(WHAT IS NEEDED): Copying rule for the data below: pictures stay out, and only the lines from the one with "Connect a host" down to the one with "A limited number", inclusive, are repeated exactly.

(DATA EXCERPTS):
* * * *

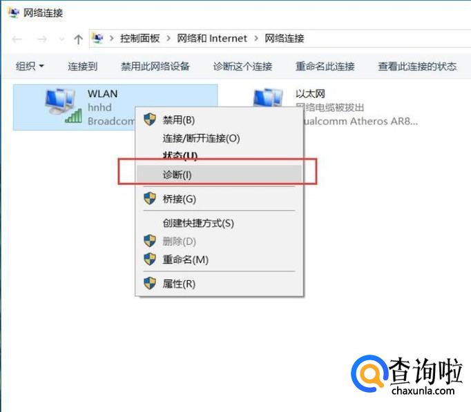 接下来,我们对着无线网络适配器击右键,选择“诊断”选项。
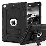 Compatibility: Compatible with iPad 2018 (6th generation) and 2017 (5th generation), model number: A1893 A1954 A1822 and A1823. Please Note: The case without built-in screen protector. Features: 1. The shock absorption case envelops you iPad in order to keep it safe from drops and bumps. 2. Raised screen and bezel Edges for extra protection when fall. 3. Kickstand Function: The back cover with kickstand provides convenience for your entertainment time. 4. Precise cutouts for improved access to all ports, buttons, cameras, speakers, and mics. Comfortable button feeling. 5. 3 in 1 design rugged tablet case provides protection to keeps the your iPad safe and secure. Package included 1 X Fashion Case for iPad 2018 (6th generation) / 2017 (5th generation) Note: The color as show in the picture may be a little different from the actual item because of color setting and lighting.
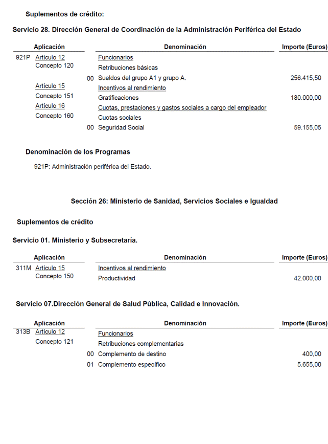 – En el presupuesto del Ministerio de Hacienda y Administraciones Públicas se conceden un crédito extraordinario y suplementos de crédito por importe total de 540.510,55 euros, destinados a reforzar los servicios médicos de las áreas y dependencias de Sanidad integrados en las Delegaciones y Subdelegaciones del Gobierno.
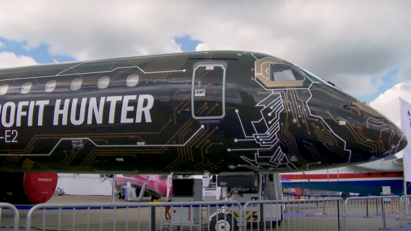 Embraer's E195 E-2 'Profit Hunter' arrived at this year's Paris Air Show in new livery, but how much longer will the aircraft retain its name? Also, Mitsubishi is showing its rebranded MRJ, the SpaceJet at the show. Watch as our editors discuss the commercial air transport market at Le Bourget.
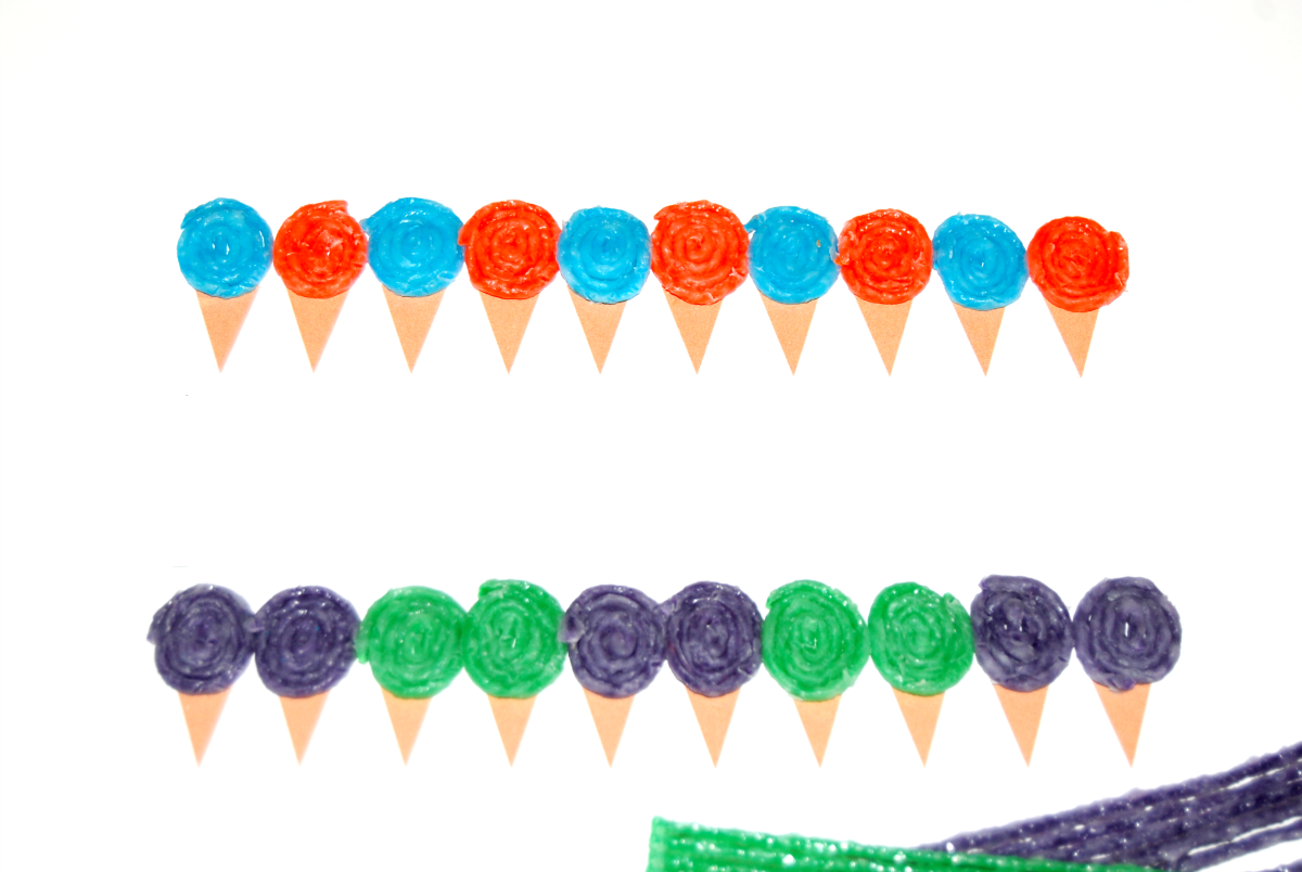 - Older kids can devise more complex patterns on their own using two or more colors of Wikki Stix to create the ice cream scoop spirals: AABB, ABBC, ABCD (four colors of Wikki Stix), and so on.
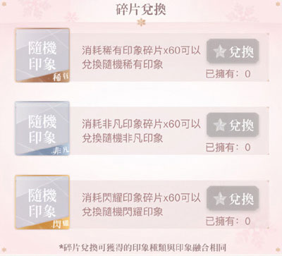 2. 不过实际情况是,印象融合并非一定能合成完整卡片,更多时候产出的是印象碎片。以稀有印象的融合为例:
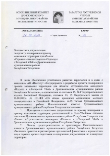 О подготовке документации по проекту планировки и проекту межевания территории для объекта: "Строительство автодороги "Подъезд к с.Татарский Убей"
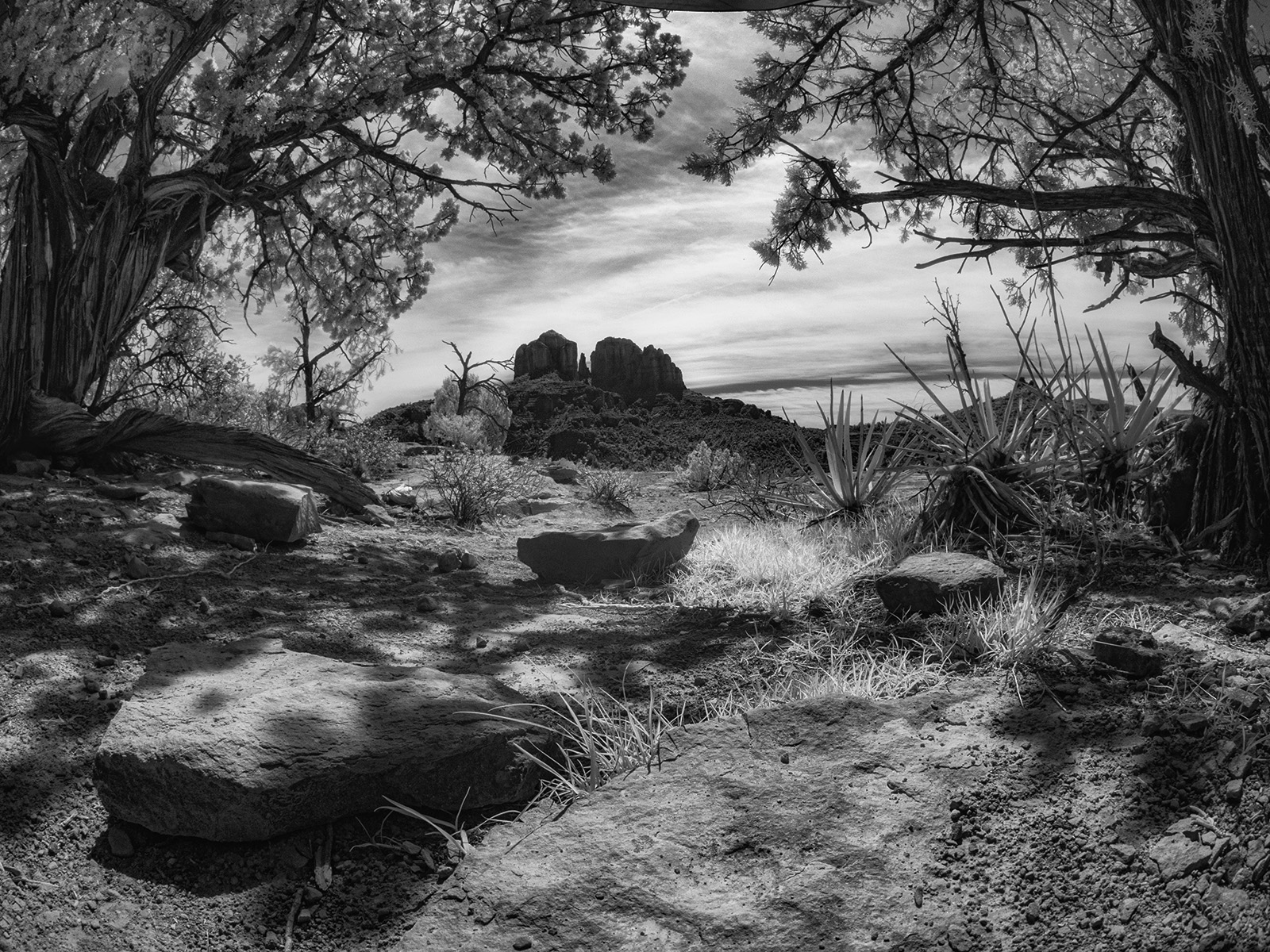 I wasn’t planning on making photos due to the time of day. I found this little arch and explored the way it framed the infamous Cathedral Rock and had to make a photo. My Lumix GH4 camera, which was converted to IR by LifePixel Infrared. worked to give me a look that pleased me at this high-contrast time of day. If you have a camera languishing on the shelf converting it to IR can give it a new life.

* * * *

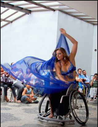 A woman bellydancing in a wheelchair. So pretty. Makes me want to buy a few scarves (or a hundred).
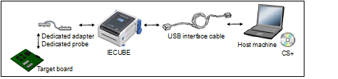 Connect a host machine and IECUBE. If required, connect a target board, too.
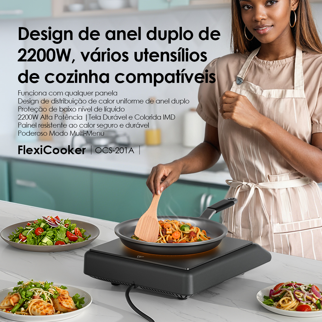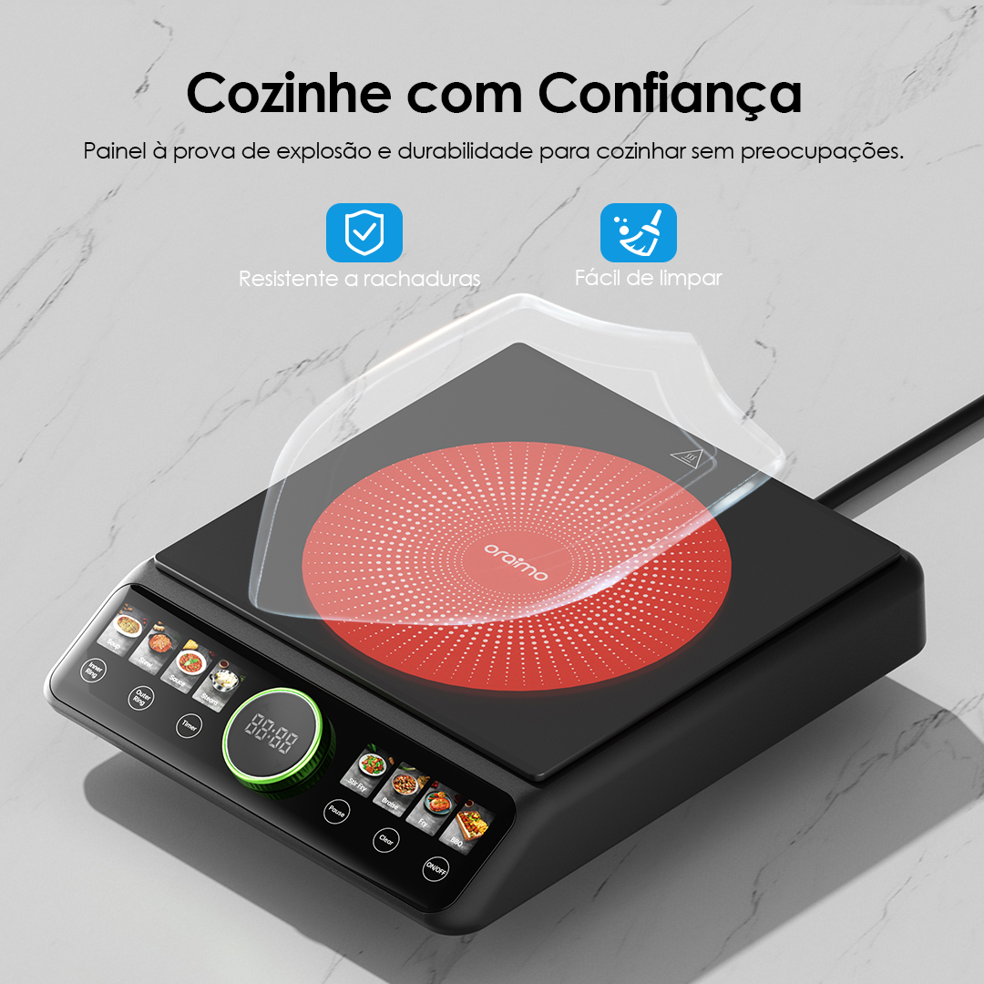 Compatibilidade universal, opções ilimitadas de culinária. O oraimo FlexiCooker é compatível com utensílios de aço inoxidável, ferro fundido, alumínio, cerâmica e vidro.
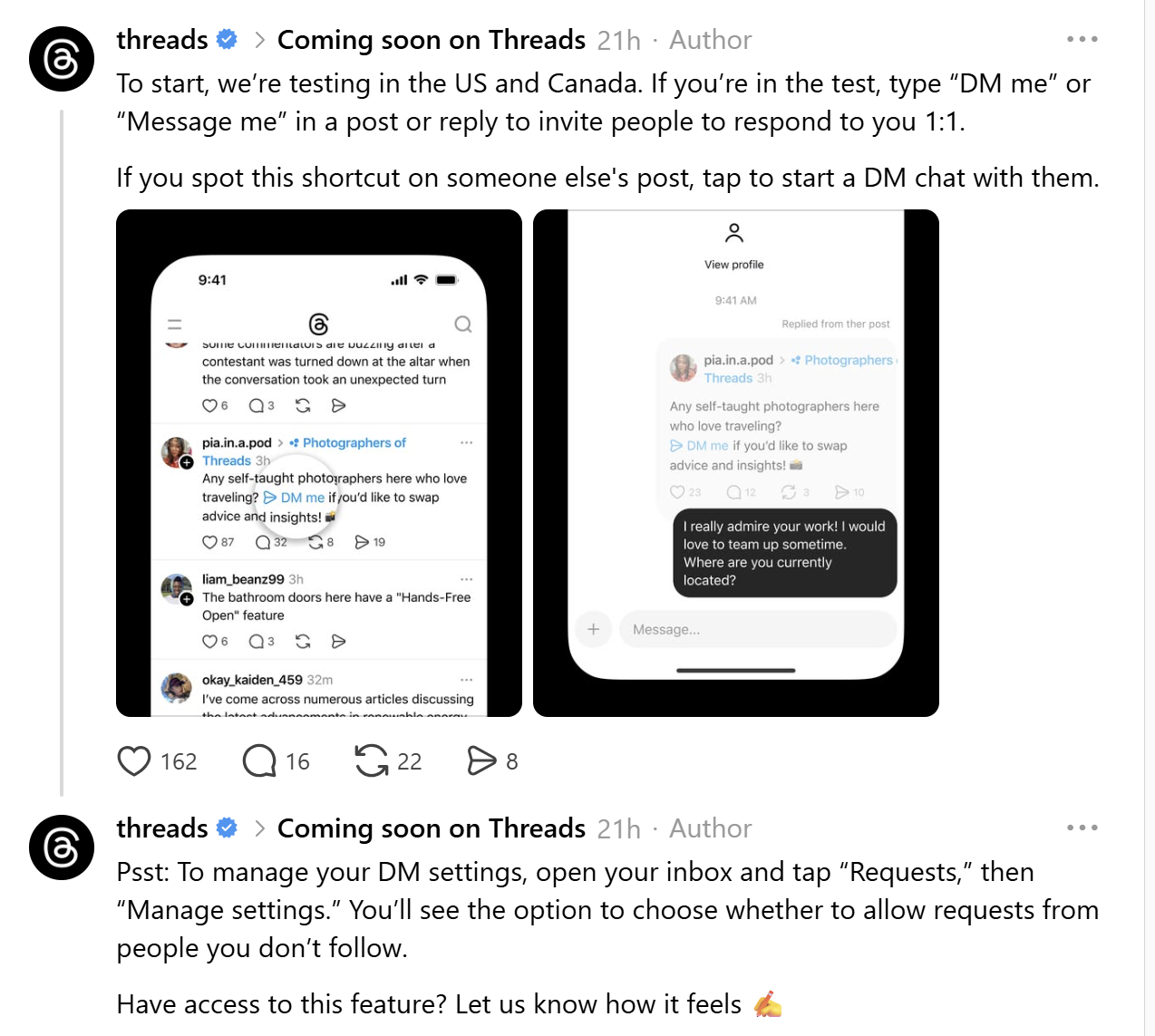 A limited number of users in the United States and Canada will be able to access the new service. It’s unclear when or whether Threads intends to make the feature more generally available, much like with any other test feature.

* * * *

(FINISHED EXERCISE):
 Connect a host machine and IECUBE. If required, connect a target board, too.
 Compatibilidade universal, opções ilimitadas de culinária. O oraimo FlexiCooker é compatível com utensílios de aço inoxidável, ferro fundido, alumínio, cerâmica e vidro.
 A limited number of users in the United States and Canada will be able to access the new service. It’s unclear when or whether Threads intends to make the feature more generally available, much like with any other test feature.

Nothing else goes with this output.